§ Data to process:
--------

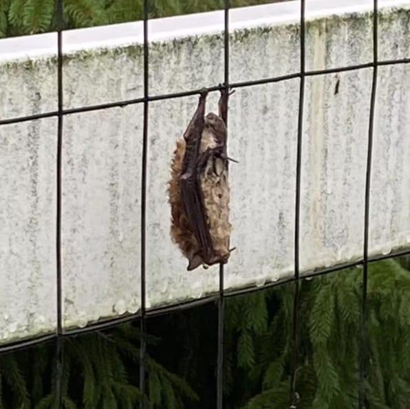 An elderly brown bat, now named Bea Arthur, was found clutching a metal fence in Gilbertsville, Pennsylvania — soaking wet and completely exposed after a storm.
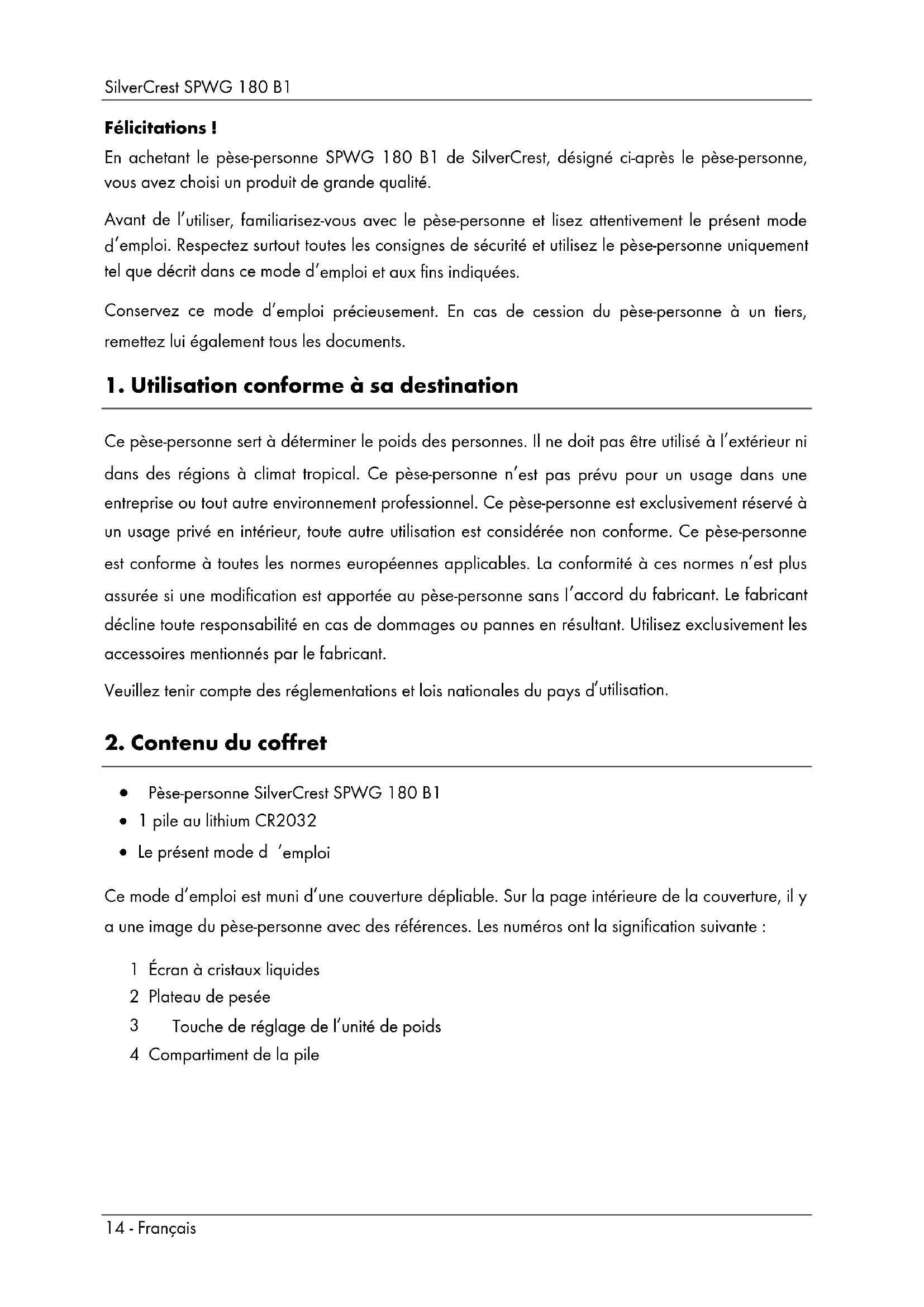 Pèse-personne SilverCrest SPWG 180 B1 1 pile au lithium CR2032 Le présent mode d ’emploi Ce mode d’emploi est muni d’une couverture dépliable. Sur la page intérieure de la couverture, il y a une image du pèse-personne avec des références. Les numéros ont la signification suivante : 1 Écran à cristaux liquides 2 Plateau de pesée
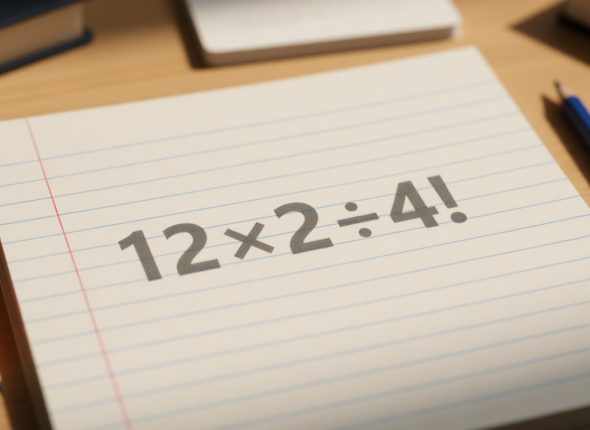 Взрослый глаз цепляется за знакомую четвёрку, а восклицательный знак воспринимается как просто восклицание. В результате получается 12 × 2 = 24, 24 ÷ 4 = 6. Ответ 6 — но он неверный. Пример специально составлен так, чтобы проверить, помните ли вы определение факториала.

--------

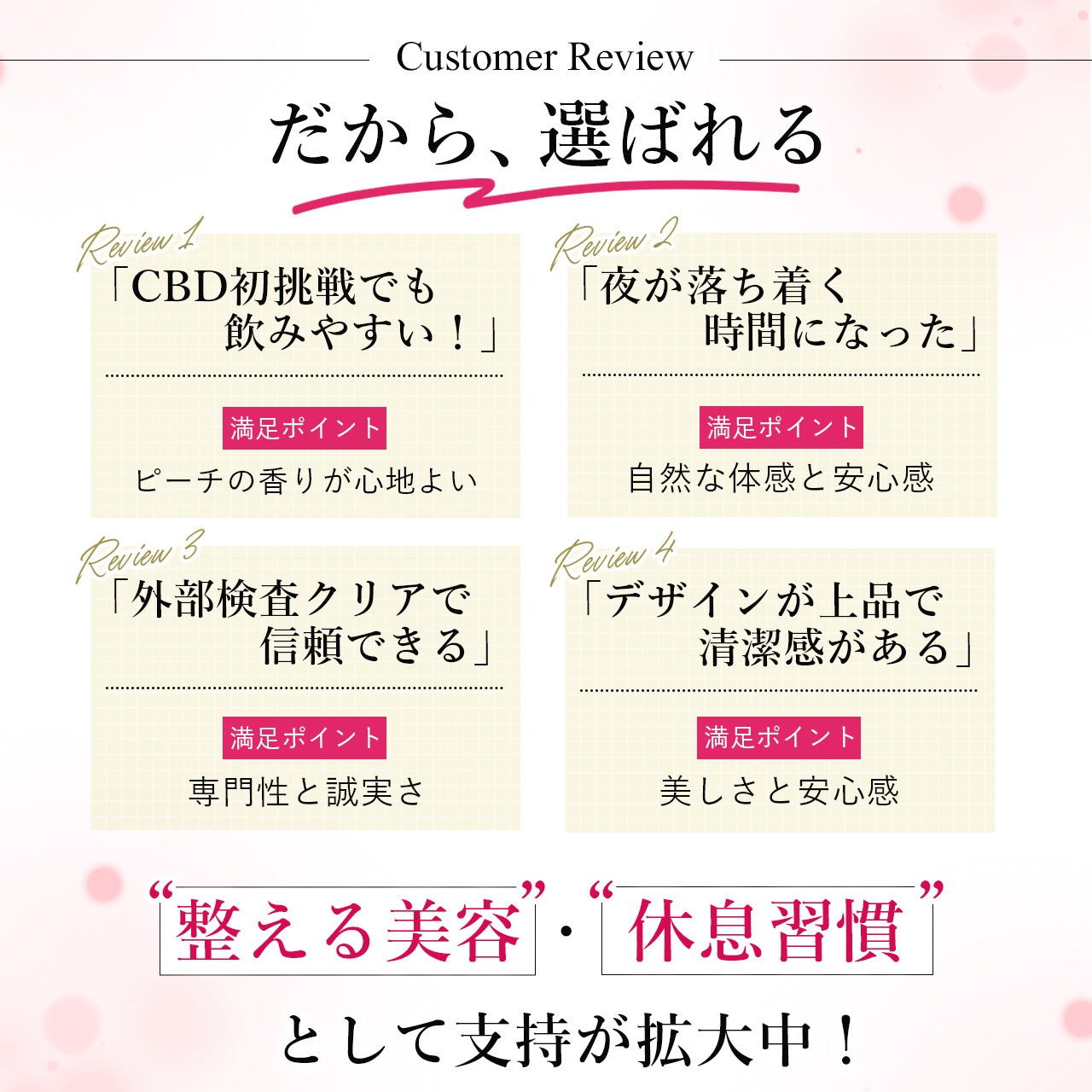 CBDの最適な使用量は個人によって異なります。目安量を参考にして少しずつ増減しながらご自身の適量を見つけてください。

--------

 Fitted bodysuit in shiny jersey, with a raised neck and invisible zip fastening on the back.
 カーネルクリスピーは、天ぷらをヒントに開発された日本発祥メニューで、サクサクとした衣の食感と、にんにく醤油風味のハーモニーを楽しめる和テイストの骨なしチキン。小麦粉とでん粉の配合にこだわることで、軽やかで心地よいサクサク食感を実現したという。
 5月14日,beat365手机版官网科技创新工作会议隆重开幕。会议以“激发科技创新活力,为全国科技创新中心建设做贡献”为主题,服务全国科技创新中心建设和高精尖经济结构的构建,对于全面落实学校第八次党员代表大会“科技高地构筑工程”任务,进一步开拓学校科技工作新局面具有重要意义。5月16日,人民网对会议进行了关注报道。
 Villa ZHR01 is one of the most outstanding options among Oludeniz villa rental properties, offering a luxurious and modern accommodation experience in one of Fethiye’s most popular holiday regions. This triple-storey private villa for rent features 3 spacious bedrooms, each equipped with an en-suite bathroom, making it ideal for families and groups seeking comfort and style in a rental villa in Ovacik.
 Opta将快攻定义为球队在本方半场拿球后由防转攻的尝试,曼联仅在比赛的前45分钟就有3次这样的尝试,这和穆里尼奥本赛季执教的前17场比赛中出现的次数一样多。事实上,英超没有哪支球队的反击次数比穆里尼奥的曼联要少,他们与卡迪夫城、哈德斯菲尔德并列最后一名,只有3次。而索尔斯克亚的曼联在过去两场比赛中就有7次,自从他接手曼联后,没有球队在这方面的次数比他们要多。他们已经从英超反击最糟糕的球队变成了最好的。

--------

§ What is required:
Nothing but the lines from the one with "An elderly brown" to the one with "Взрослый глаз цепляется" above, both included, should be transcribed, exactly and without pictures.

§ Exercise response:
 An elderly brown bat, now named Bea Arthur, was found clutching a metal fence in Gilbertsville, Pennsylvania — soaking wet and completely exposed after a storm.
 Pèse-personne SilverCrest SPWG 180 B1 1 pile au lithium CR2032 Le présent mode d ’emploi Ce mode d’emploi est muni d’une couverture dépliable. Sur la page intérieure de la couverture, il y a une image du pèse-personne avec des références. Les numéros ont la signification suivante : 1 Écran à cristaux liquides 2 Plateau de pesée
 Взрослый глаз цепляется за знакомую четвёрку, а восклицательный знак воспринимается как просто восклицание. В результате получается 12 × 2 = 24, 24 ÷ 4 = 6. Ответ 6 — но он неверный. Пример специально составлен так, чтобы проверить, помните ли вы определение факториала.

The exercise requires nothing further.